Mayo Clinic Will Use Watson To Match Cancer Patients With Clinical Trials

Watson Goes Live at Cleveland Clinic

IBM and the Mayo Clinic today announced a partnership that will bring the Watson supercomputer to Mayo’s oncology department, where it will be used to expedite the process of matching patients with relevant clinical trials. The announcement came during Mayo Clinic’s annual Transform symposium, which is being held this week in Rochester, NY.

The task of evaluating a patient’s record and then matching the patient with the best clinical trial for them is currently a time intensive, manual process, but for patients with cancer, inclusion in a promising trial is often looked to as a last chance for recovery. The trials provide patients with an otherwise bleak prognosis access to truly cutting edge in healthcare research. Mayo Clinic researchers are actively engaged in 8,000 human clinical trials at any given time, and over 170,000 trials are being run globally at any given time. Each trial is has specific inclusion criteria, and researchers hope Watson will help expedite the process of finding appropriate trials for sick patients.

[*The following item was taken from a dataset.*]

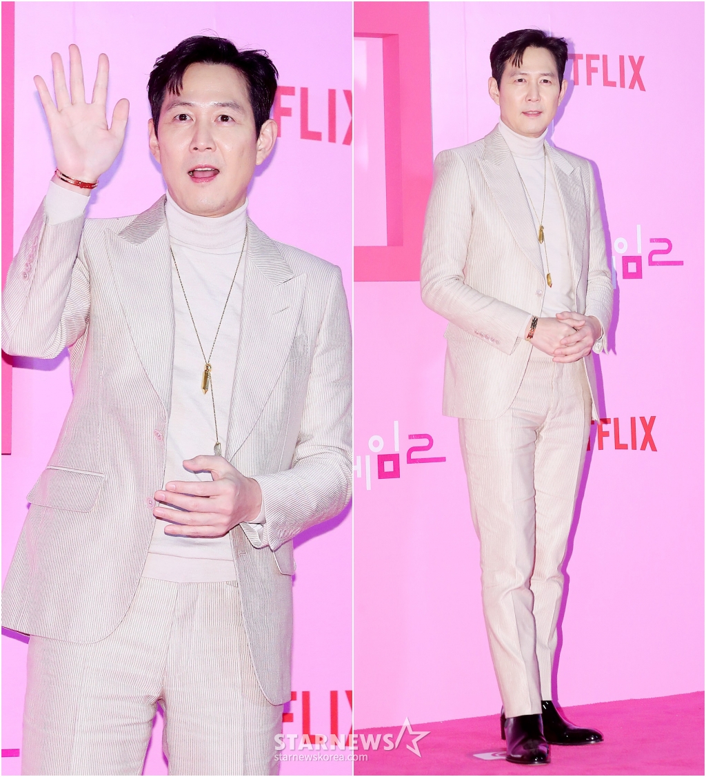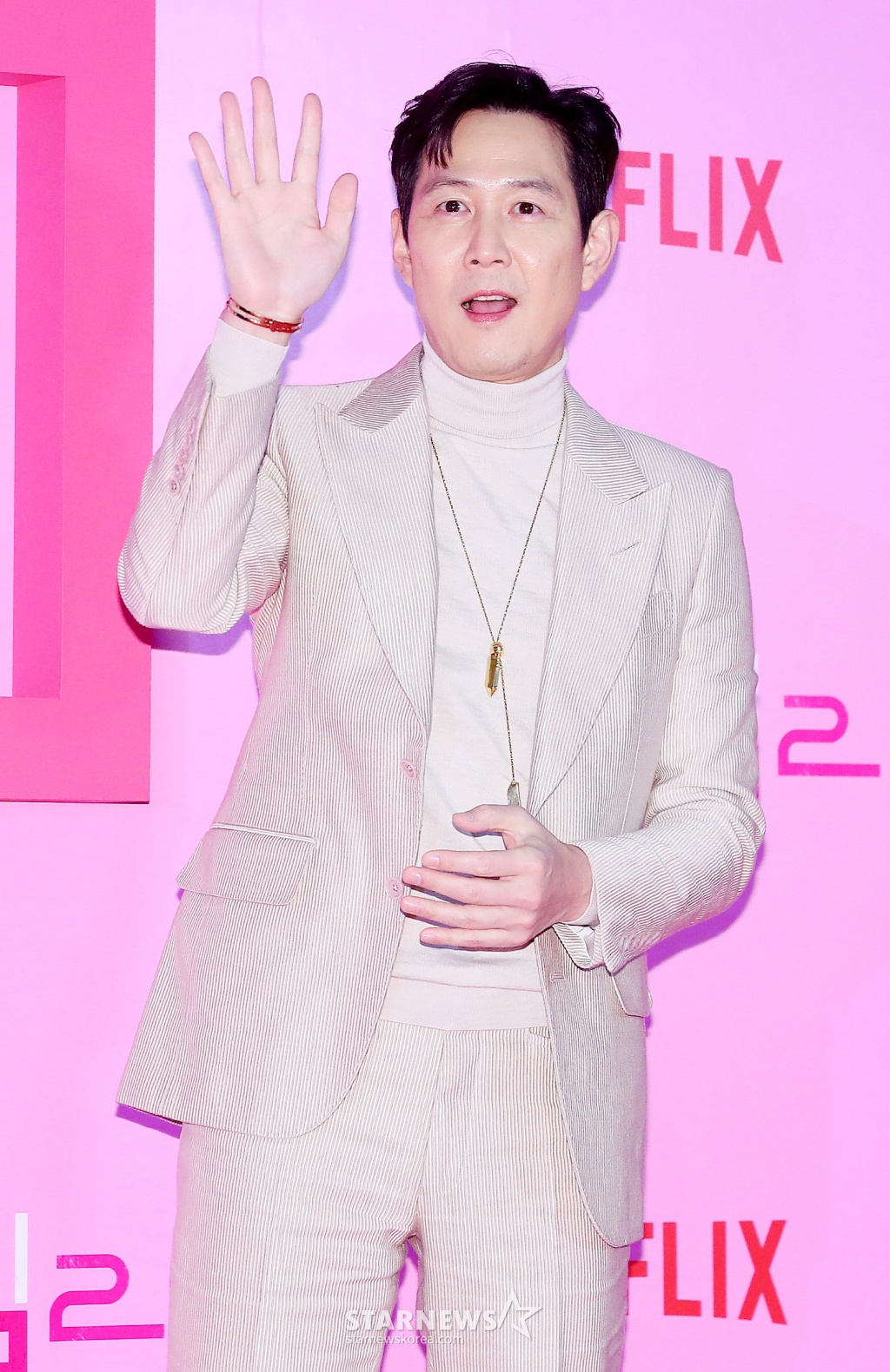 배우 이정재가 9일 오후 서울 중구 동대문디자인플라자에서 진행된 넷플릭스 시리즈 '오징어 게임 시즌2' 핑크카펫에 참석해 포즈를 취하고 있다.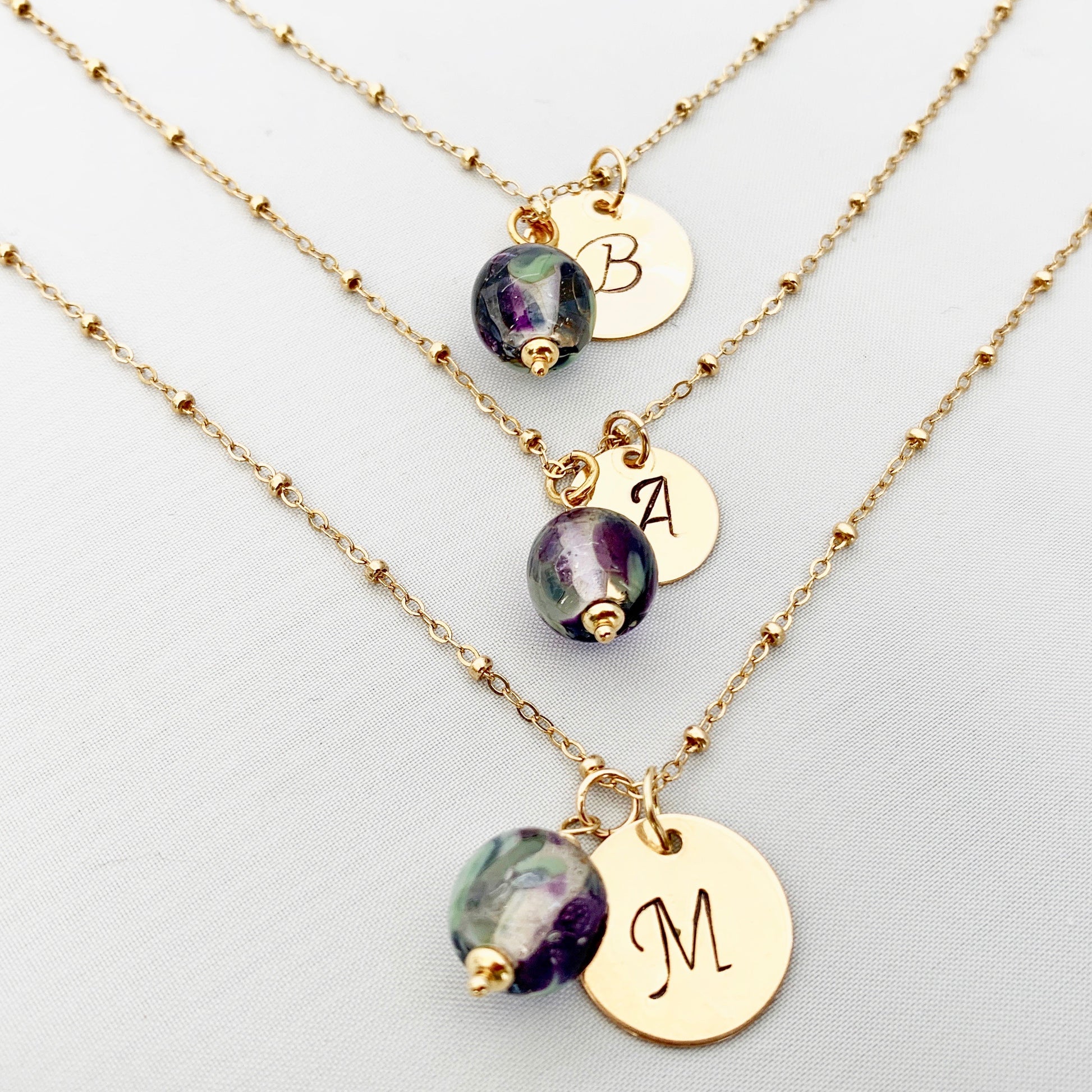 14K gold-filled custom stamped discs, with a handcrafted glass bead. Glass bead colors can be customized; please indicate preferred color and bridesmaid initials at checkout.

Watson is already loaded with patient selection criteria for some 170,000 clinical trials seeking patients across the globe. Next, Watson will be trained by clinicians and computer scientists to learn the steps involved in analyzing a patient record and matching them with relevant clinical trials. Over time, the algorithms used to match patients will be refined and Watson will become more efficient at its task. Researchers at Mayo hope that Watson is able to expedite the process of identifying participants for clinical trials so that research can move forward faster and more patients can get access to treatments with the highest probability of helping them.

Researchers are also hoping that Watson will be able to help locate far-away patients for inclusion in clinical trials focused on rare diseases. Mayo’s researchers explain that many important clinical trials are never completed because there were not enough patients available to participate in the study.